Single-cell RNA-seq reveals activation of unique gene groups as a consequence of stem cell-parenchymal cell fusion. Mus musculus

Fusion of donor mesenchymal stem cells with parenchymal cells of the recipient can occur in the brain, liver, intestine and heart following transplantation. The therapeutic benefit or detriment of resultant hybrids is unknown. Here we sought a global view of phenotypic diversification of mesenchymal stem cell-cardiomyocyte hybrids and associated time course. Using single-cell RNA-seq, we found hybrids consistently increase ribosome components and decrease genes associated with the cell cycle suggesting an increase in protein production and decrease in proliferation to accommodate the fused state. But in the case of most other gene groups, hybrids were individually distinct. In fact, though hybrids can express a transcriptome similar to individual fusion partners, approximately one-third acquired distinct expression profiles in a single day. Some hybrids underwent reprogramming, expressing pluripotency and cardiac precursor genes latent in parental cells and associated with developmental and morphogenic gene groups. Other hybrids expressed genes associated with ontologic cancer sets and two hybrids of separate experimental replicates clustered with breast cancer cells, expressing critical oncogenes and lacking tumor suppressor genes. Rapid transcriptional diversification of this type garners consideration in the context of cellular transplantation to damaged tissues, those with viral infection or other microenvironmental conditions that might promote fusion. Overall design: Examination was performed using single-cell RNA-seq of five fusion products (BiFC_D1_F1-5, 24 hours) identified using BiFC, twenty-three fusion products (DC_D1_F1-16, 24 hours; DC_D3_F1-7, 72 hours) identified using dual expression of GFP and mCherry, the parental controls, and the population controls (mMSC_PC and HL1cm_PC). Parental controls included 15 cells of each parental type isolated prior to co-culture (mMSC_1-15 and HL1cm_1-15) and 5 cells of each parental cell type isolated 24 hours after co-culture (mMSC_D1_1-5 and HL1cm_D1_1-5). In addition, a population containing a mixture of both parental cells and fusion products obtained 24 hours after co-culture was included (Mix_D1).
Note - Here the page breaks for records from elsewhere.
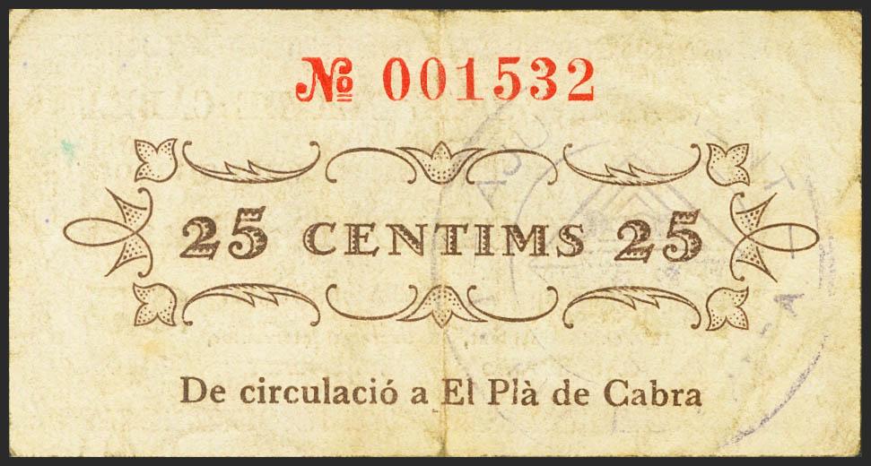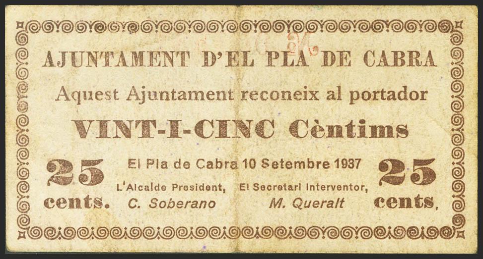 PLA DE CABRA (TARRAGONA). 25 Céntimos. 10 de Septiembre de 1937. (González: 9249). Raro. MBC.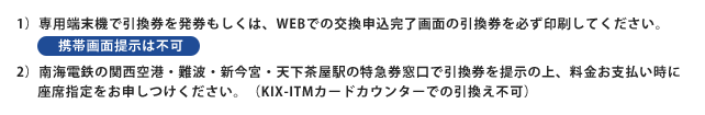 WEBで交換の場合 ➡ 会員ページにログインし、会員メニューの「特典交換」を選び、「ラピート割引引換券受付票」を印刷の上、南海窓口にお持ちください。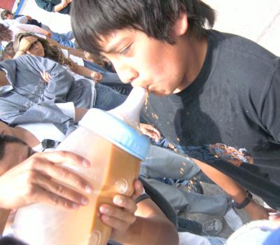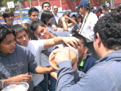 die grossen weihen die kleinen ein und das mit einem ekeligen getraenk. jeder von den erstklaessnern muss einmal aus dieser falsche trinken. ich habe es nicht probiert, aber es scheint wohl echt ekelig zu sein und wer durfte die armen fuettern?! WIR!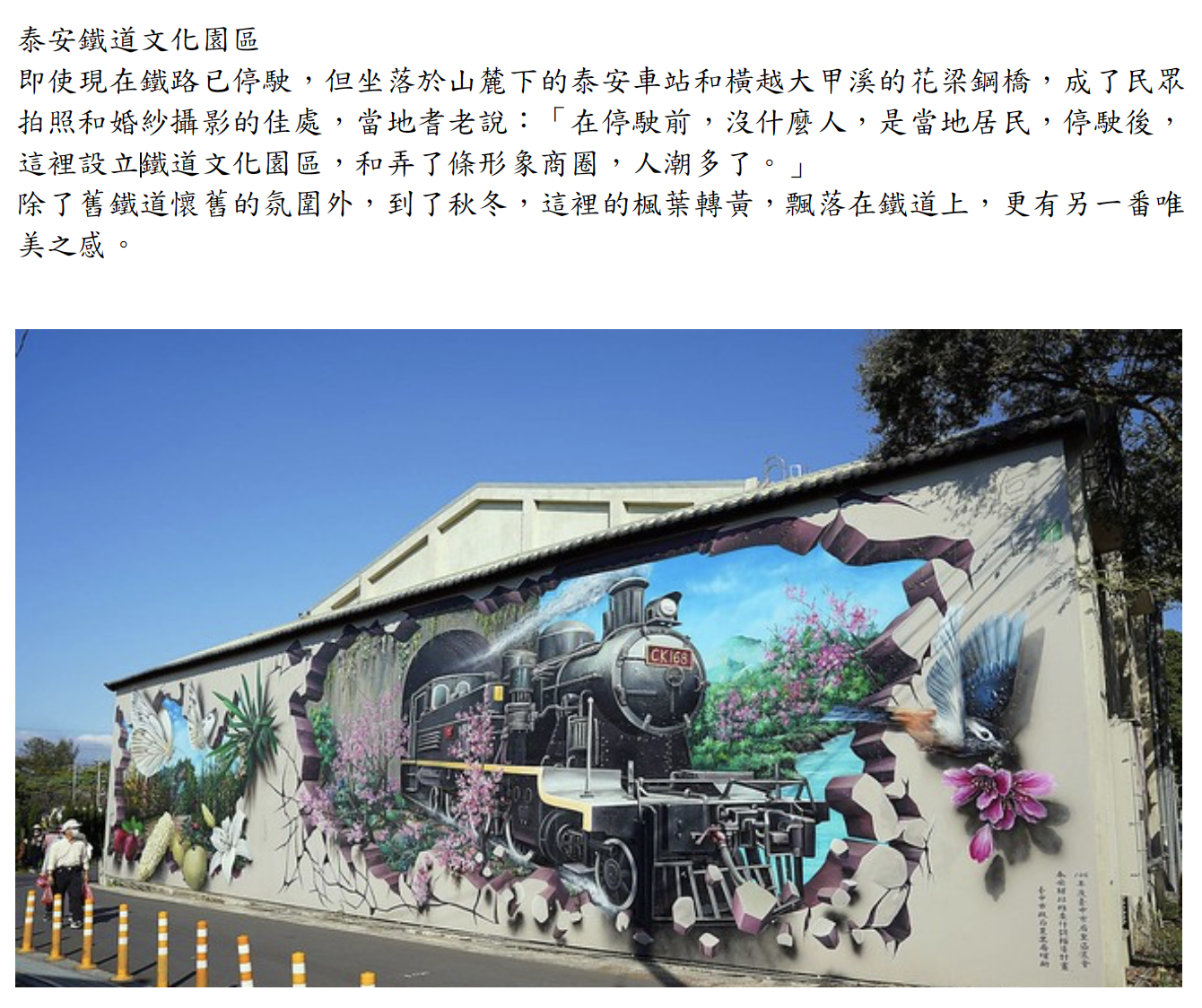 15:00-16:00 | 商圈環境走讀 泰安鐵道文化園區參訪 | 后里泰安魅力商圈 泰安鐵道文化園區 |

移植后，供体间充质干细胞与受体实质细胞可在脑、肝、肠道及心脏中发生融合。由此产生的杂交细胞的治疗获益与潜在危害目前尚不明确。本研究旨在全面解析间充质干细胞-心肌细胞杂交细胞的表型分化特征及其伴随的时间进程。 本研究采用单细胞RNA测序（single-cell RNA-seq）技术，发现杂交细胞普遍呈现核糖体组分基因表达上调、细胞周期相关基因表达下调的特征，提示其为适应融合状态，蛋白质合成增加而增殖能力降低。但就绝大多数其他基因类别而言，各杂交细胞个体间均存在显著差异。 事实上，尽管部分杂交细胞的转录组可与单一融合亲本相似，但约有三分之一的杂交细胞可在单日之内获得独特的表达谱。部分杂交细胞发生重编程，表达亲本细胞中潜在存在的多能性及心脏前体细胞基因，且这些基因与发育及形态发生相关基因簇相关联。另有部分杂交细胞表达与肿瘤相关基因集相关的基因；在独立实验重复中获得的两株杂交细胞可与乳腺癌细胞聚类，其表达关键癌基因但缺失抑癌基因。 此类快速转录组分化现象，在向受损组织、病毒感染组织或其他可能促进细胞融合的微环境中进行细胞移植时，值得重点关注。 整体实验设计：本研究通过单细胞RNA测序完成相关检测，样本包括： 1. 利用双荧光互补技术（bimolecular fluorescence complementation, BiFC）鉴定得到的5株融合产物（BiFC_D1_F1-5，培养24小时）； 2. 利用绿色荧光蛋白（green fluorescent protein, GFP）与红色荧光蛋白mCherry双表达标记鉴定得到的23株融合产物，其中培养24小时组为DC_D1_F1-16，培养72小时组为DC_D3_F1-7； 3. 亲本对照：共培养前分离的两种亲本细胞各15株（mMSC_1-15与HL1cm_1-15），以及共培养24小时后分离的两种亲本细胞各5株（mMSC_D1_1-5与HL1cm_D1_1-5）； 4. 群体对照：mMSC_PC与HL1cm_PC； 5. 混合样本：共培养24小时后收集的亲本细胞与杂交细胞混合群体（Mix_D1）。